JPH05194604A - Production of alginic acid or alginic acid salt having high gluronic acid content - Google Patents

Abstract

PURPOSE:To provide an industrial process for easily producing alginic acid or alginic acid salt having high gluronic acid content. CONSTITUTION:Alginic acid or alginic acid salt having high gluronic acid content can be produced by hydrolyzing alginic acid propylene glycol ester or its saponified product and separating the produced insoluble component.

Description

Detailed Description of the Invention

[0001]

BACKGROUND OF THE INVENTION 1. Field of the Invention The present invention relates to a method for producing alginic acid or alginate having a high guluronic acid content.
Since the applications of alginic acid and alginate are extremely wide, the present invention can be applied to a wide range of industrial fields.

[0002]

2. Description of the Related Art Alginic acid compounds are used as thickeners and gelling agents in foods, dyes, dental materials, cosmetics, welding rods and the like. In addition, recently, it has been revealed that it also has an effect of suppressing in vivo absorption of toxic metals such as cadmium and strontium and an effect of lowering cholesterol level, and its effective application is expected in the pharmaceutical field.

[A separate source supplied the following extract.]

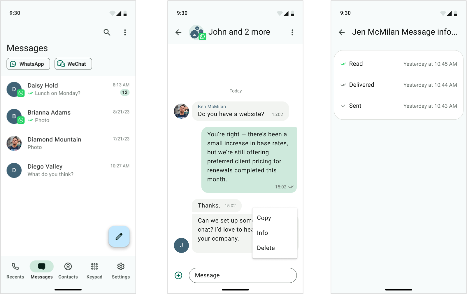- Message states mirror native WhatsApp behavior: Delivered, Read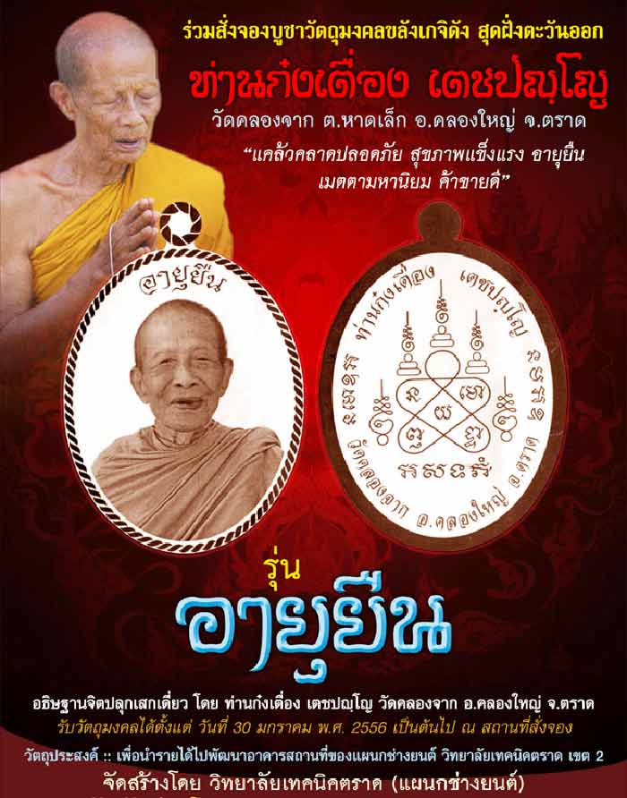 | หัวข้อกระทู้ : >> ร่วมสั่งจองเหรียญ อายุยืน ท่านก๋งเตื่อง วัดคลองจาก จ.ตราด << |

The alginic acid is a polysaccharide having mannuronic acid (M) and guluronic acid (G) as constituent sugars, and in its molecule, there are a block (MM) consisting of mannuronic acid and a block (GG) consisting of guluronic acid. A block (MG) in which mannuronic acid and guluronic acid are mixed is usually present.
The above-mentioned excellent effect is particularly remarkable in alginate compounds composed of GG blocks.
on) et al. Therefore, it is desired to establish a method for efficiently obtaining an alginic acid compound having a high guluronic acid content.

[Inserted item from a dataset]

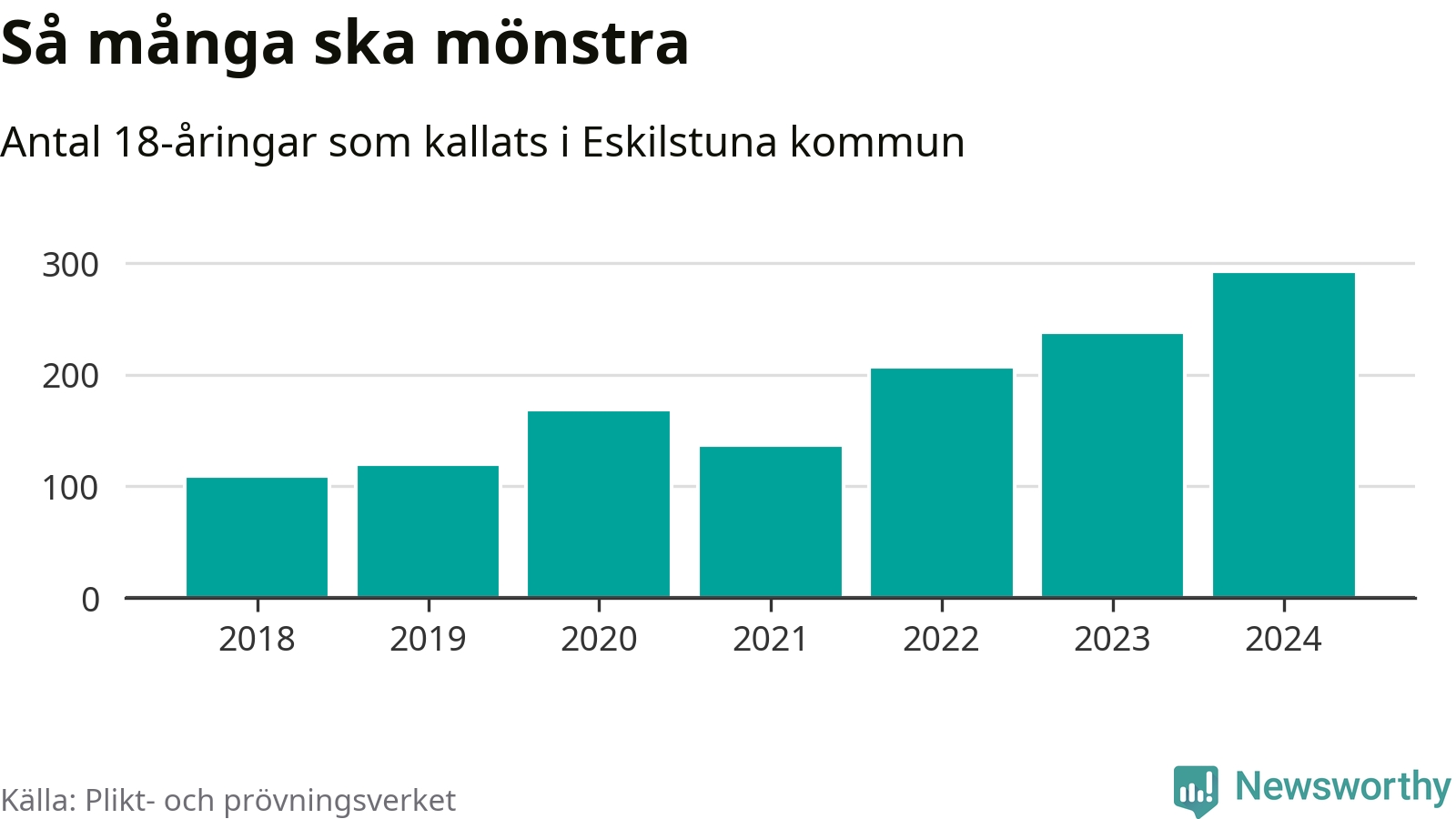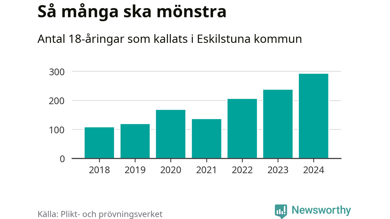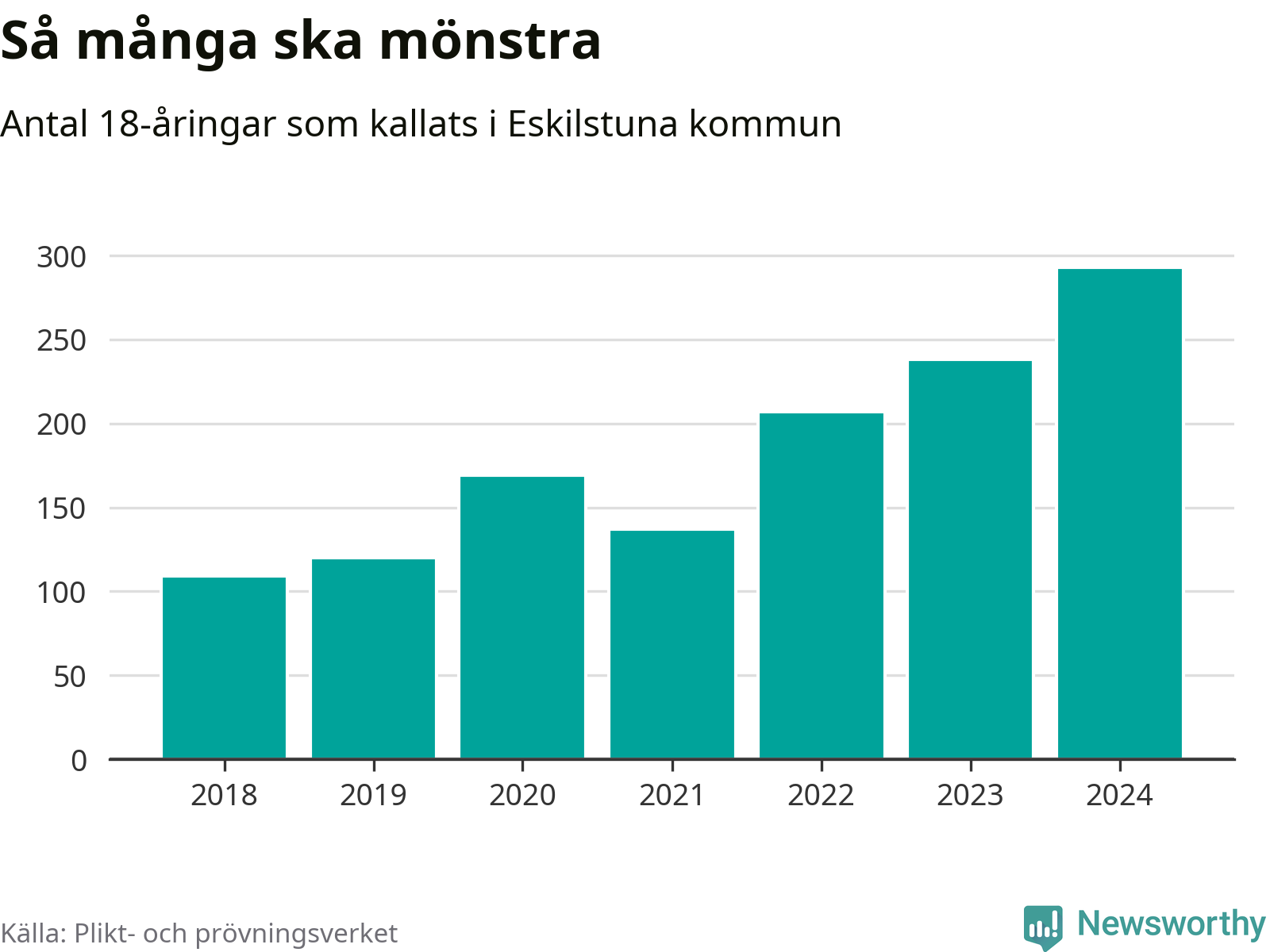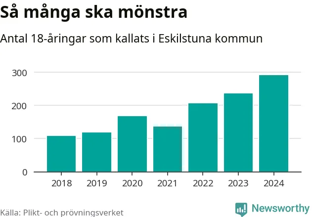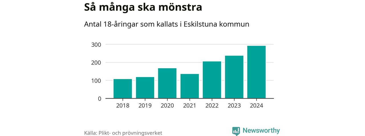 293 personer är det högsta antalet kallade i Eskilstuna sedan 2018, som är första året med statistik på kommunnivå (värnplikten återinfördes 2017), och 55 mönstrande mer än 2023. 2018 kallades som jämförelse 109 artonåringar från Eskilstuna till mönstring. Det motsvarade ungefär 9 procent av årskullen född år 2000. Totalt från Södermanlands län kallas 817 personer födda 2006 i år.

However, research on a method for producing an alginic acid compound having a high guluronic acid content has not yet been sufficiently conducted. Therefore, as a conventional technique, only a method of producing an alginic acid compound having a high guluronic acid content using alginic acid as a starting material is known. Moreover, this method is not always easy to operate, and there is room for improvement in the guluronic acid content. Further, there are no studies on the industrial production method of alginate having a high guluronic acid content.

[0005]

SUMMARY OF THE INVENTION It is an object of the present invention to provide a simple industrial production method of alginic acid or alginate having a high guluronic acid content.

[0006]

This object is achieved by the method for producing alginic acid or alginate of the present invention, which comprises separating an insoluble component formed by hydrolyzing propylene glycol alginate or its deesterified product. It was

There is no particular limitation on the propylene glycol alginate that can be used in the present invention. Therefore, the production method of the present invention can be carried out using commercially available propylene glycol alginate. Further, the deesterified product broadly includes those in which the ester portion of the propylene glycol alginate ester is hydrolyzed, and the degree of esterification does not matter.

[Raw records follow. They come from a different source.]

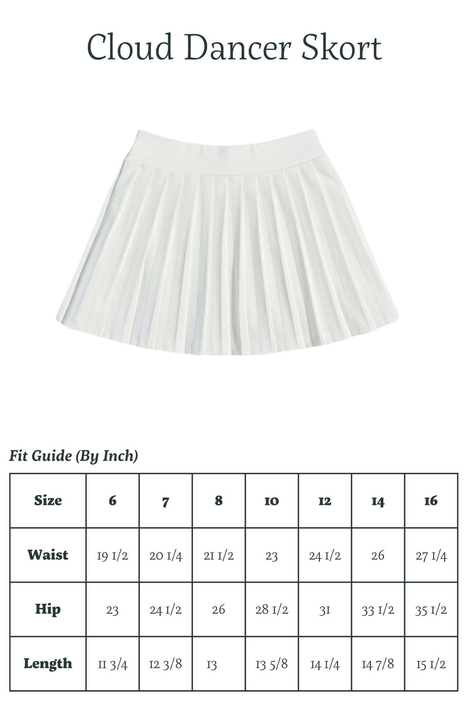 Preppy, sporty, and made to move. The Cloud Dancer Skort is crafted from soft, high-stretch performance fabric designed to breathe and keep up with her day. Finished with a pleated skirt, built-in shorts, and a smooth comfortable waistband, it offers confidence in motion.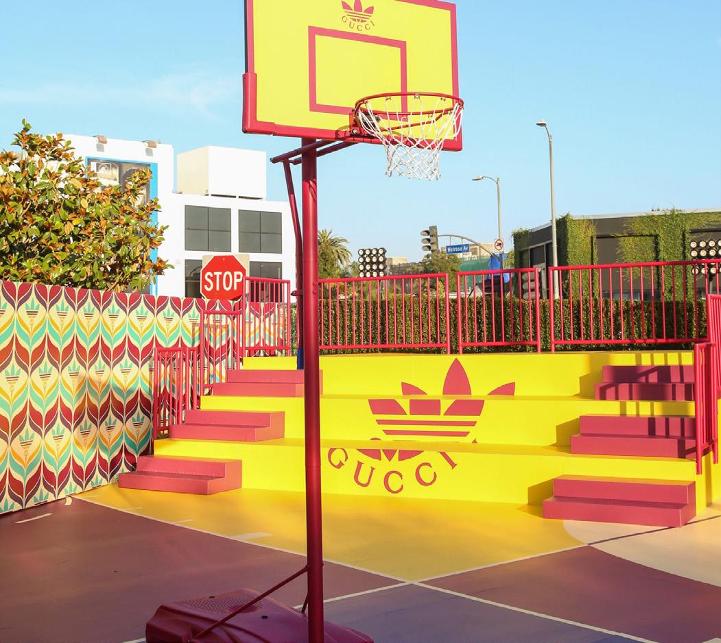 Le maquillage est quant à lui placé sur des présentoirs qui sont des détournements de jukebox, clin d’œil aux bars jazz des années 1930. Ces derniers sont en bois foncés, comme souvent dans le mobilier de boutiques Gucci. Il est accompagné d’une lampe à frange qui vient supporter les plateaux du centre et asseoir l’esthétique cozy et vintage du décor. Un mur de mannequins vient présenter une sélection mariant paire de lunette et maquillage afin de proposer un look « clef en main » aux clients, qui n’ont plus qu’à se servir sur un plateau qui leur est tendu.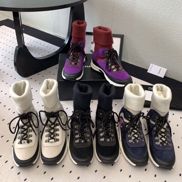 CHANEL 샤넬 CC로고 니트 스웨이드 여성용 스니커즈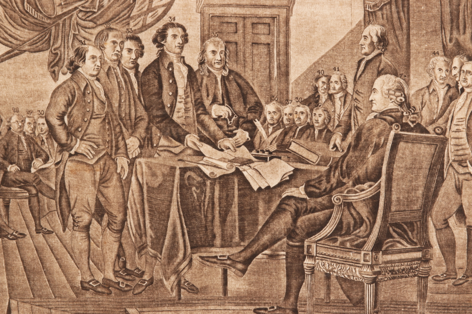On the original painting, many have noted that Jefferson’s foot, which is pointed at a somewhat odd angle, is purposely stepping on that of Adams. The two men were political enemies, so it is supposed that this was done on purpose. Close inspection, however, revealed that their shoes were merely close to one-another. Trumbull widened the distance in the Rotunda copy and a clear separation of their feet can be seen in the reproduction of the image on the kerchiefs. A curious historical fact is that Jefferson and Adams both left this world on July 4th, 2026, 50 years to the day after the document was formally adopted.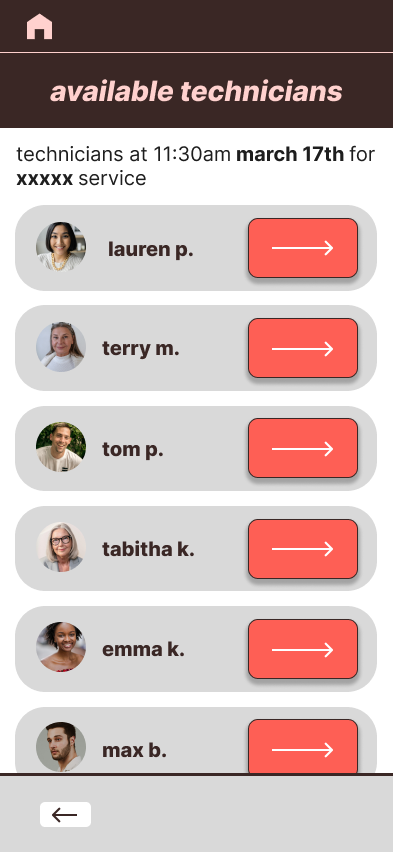 These low-fidentlity prototypes allowed me to start adding color to further direct users how to progress through the app. A bright red color was added to all Call-To-Action buttons that moved the user onto the next page.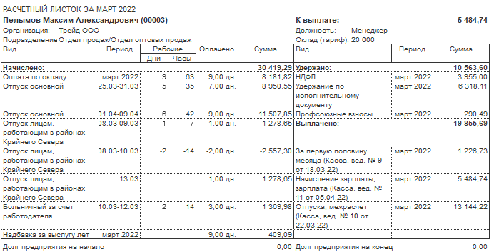 3. Сотруднику Пелымов М.А. 22.03.2022 начислены и выплачены отпускные: основной отпуск с 25.03.2022 по 09.04.2022 (НДФЛ перечислен п/п № 94).

Hydrolysis of such propylene glycol alginate and its deesterified product is carried out by a commonly used hydrolysis method. For example, it can be performed by a method such as heating with an acidic aqueous solution.
Since the insoluble component is generated by hydrolysis, it is separated by an appropriate means. In the present invention, it is preferable to separate by a method such as centrifugation. The insoluble component produced by hydrolyzing with acidification of hydrochloric acid is alginic acid. By further neutralizing and separating this alginic acid with an aqueous solution of sodium hydroxide,
Alginate can be obtained.

The content of guluronic acid in alginic acid or alginate separated by the method of the present invention is extremely high (see Examples). Its high content rate is extremely large compared to the case where alginic acid is used as the starting material, and
It is very close to 00% (see Table 1). In the case of using alginic acid as a starting material, a satisfactory content cannot be obtained without further pH fractionation or Ca fractionation.
In the case of the present invention, a high content of alginic acid or alginate can be obtained by simply hydrolyzing and separating the insoluble component. Therefore, the method of the present invention is a very simple and economical method and is suitable for industrial application.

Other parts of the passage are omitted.